▶ Requirement: The records that follow are to be transcribed in full, leaving out each picture.

(Records excerpted from a collection)
⟨

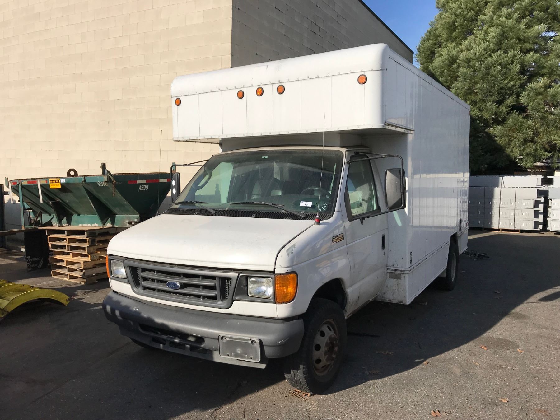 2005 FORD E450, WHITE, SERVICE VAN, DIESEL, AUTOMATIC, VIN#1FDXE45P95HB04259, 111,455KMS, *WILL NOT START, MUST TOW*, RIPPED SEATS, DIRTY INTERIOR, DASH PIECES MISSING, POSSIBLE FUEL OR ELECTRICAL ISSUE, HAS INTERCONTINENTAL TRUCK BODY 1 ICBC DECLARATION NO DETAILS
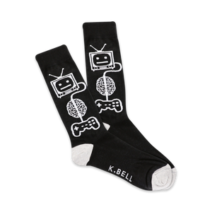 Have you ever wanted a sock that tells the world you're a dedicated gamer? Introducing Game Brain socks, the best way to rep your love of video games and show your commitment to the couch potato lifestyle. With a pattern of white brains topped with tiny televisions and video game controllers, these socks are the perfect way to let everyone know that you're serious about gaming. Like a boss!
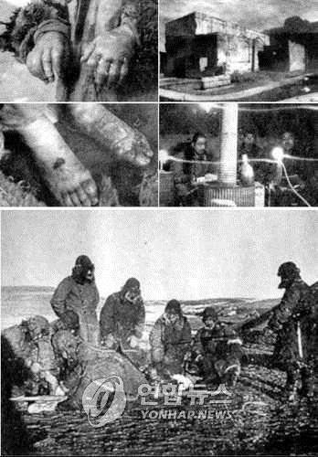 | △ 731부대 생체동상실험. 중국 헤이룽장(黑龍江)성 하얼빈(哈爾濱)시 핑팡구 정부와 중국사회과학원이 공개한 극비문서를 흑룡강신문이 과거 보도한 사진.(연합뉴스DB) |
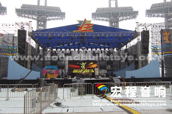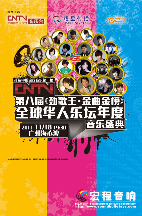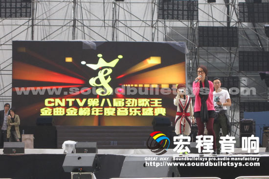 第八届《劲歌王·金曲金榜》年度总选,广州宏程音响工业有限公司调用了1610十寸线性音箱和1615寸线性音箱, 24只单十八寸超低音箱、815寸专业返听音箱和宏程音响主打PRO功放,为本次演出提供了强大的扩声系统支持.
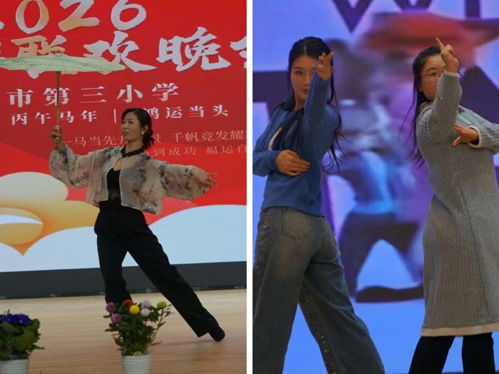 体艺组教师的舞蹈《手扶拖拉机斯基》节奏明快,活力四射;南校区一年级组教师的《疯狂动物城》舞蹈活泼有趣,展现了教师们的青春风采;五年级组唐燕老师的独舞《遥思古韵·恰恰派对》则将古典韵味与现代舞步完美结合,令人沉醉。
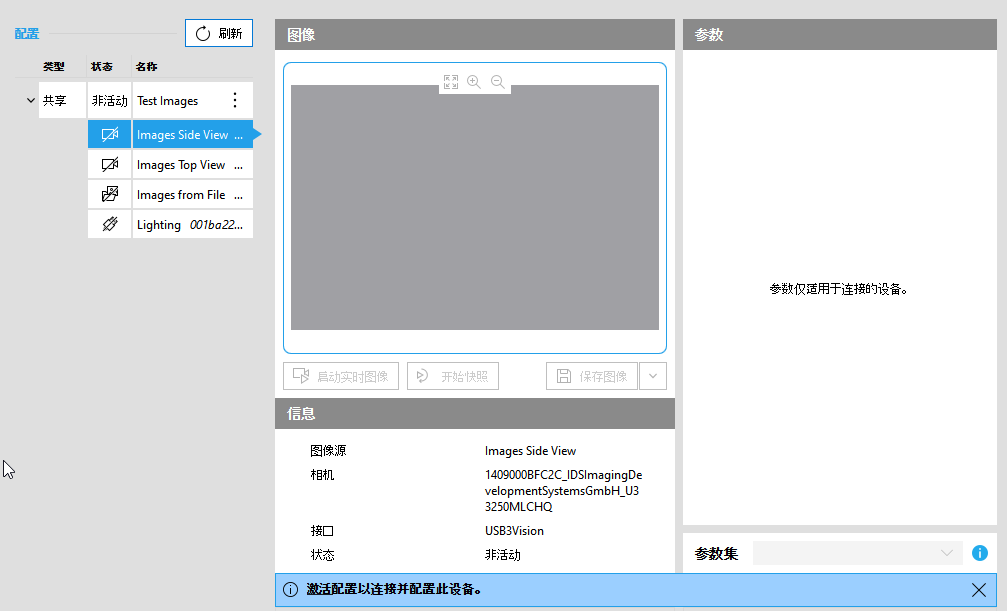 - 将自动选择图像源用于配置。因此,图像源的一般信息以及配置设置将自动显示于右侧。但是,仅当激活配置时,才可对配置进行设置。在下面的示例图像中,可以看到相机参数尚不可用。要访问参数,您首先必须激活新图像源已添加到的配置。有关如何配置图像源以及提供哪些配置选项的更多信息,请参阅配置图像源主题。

⟩

▶ Your solution:
 2005 FORD E450, WHITE, SERVICE VAN, DIESEL, AUTOMATIC, VIN#1FDXE45P95HB04259, 111,455KMS, *WILL NOT START, MUST TOW*, RIPPED SEATS, DIRTY INTERIOR, DASH PIECES MISSING, POSSIBLE FUEL OR ELECTRICAL ISSUE, HAS INTERCONTINENTAL TRUCK BODY 1 ICBC DECLARATION NO DETAILS
 Have you ever wanted a sock that tells the world you're a dedicated gamer? Introducing Game Brain socks, the best way to rep your love of video games and show your commitment to the couch potato lifestyle. With a pattern of white brains topped with tiny televisions and video game controllers, these socks are the perfect way to let everyone know that you're serious about gaming. Like a boss!
 | △ 731부대 생체동상실험. 중국 헤이룽장(黑龍江)성 하얼빈(哈爾濱)시 핑팡구 정부와 중국사회과학원이 공개한 극비문서를 흑룡강신문이 과거 보도한 사진.(연합뉴스DB) |
 第八届《劲歌王·金曲金榜》年度总选,广州宏程音响工业有限公司调用了1610十寸线性音箱和1615寸线性音箱, 24只单十八寸超低音箱、815寸专业返听音箱和宏程音响主打PRO功放,为本次演出提供了强大的扩声系统支持.
 体艺组教师的舞蹈《手扶拖拉机斯基》节奏明快,活力四射;南校区一年级组教师的《疯狂动物城》舞蹈活泼有趣,展现了教师们的青春风采;五年级组唐燕老师的独舞《遥思古韵·恰恰派对》则将古典韵味与现代舞步完美结合,令人沉醉。
 - 将自动选择图像源用于配置。因此,图像源的一般信息以及配置设置将自动显示于右侧。但是,仅当激活配置时,才可对配置进行设置。在下面的示例图像中,可以看到相机参数尚不可用。要访问参数,您首先必须激活新图像源已添加到的配置。有关如何配置图像源以及提供哪些配置选项的更多信息,请参阅配置图像源主题。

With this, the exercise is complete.